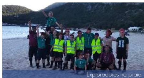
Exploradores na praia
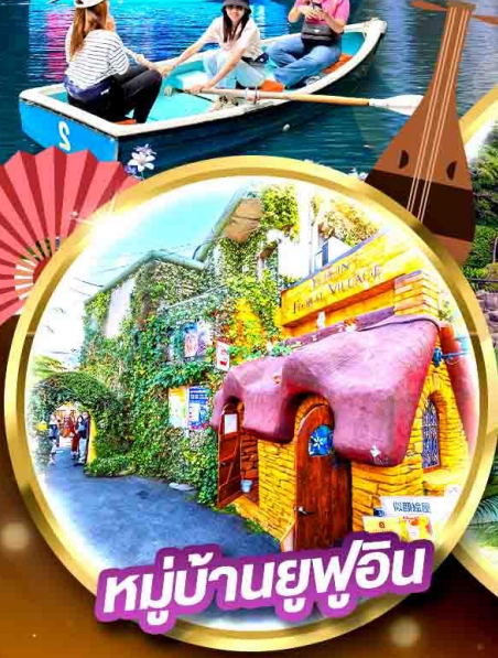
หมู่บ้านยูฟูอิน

..............................

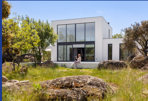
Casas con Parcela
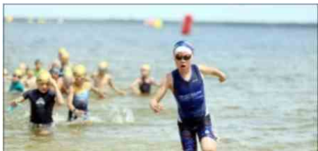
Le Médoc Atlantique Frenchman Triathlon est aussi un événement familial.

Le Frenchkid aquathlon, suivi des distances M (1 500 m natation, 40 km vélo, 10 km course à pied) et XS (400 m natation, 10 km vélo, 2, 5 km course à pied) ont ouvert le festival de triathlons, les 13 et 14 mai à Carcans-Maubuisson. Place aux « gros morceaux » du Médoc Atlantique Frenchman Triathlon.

..............................

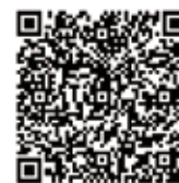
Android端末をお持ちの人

..............................

### Work required:
Go through the material above, and wherever a line holds the word "Triathlon", copy it.

### Result:
Le Médoc Atlantique Frenchman Triathlon est aussi un événement familial.
Le Frenchkid aquathlon, suivi des distances M (1 500 m natation, 40 km vélo, 10 km course à pied) et XS (400 m natation, 10 km vélo, 2, 5 km course à pied) ont ouvert le festival de triathlons, les 13 et 14 mai à Carcans-Maubuisson. Place aux « gros morceaux » du Médoc Atlantique Frenchman Triathlon.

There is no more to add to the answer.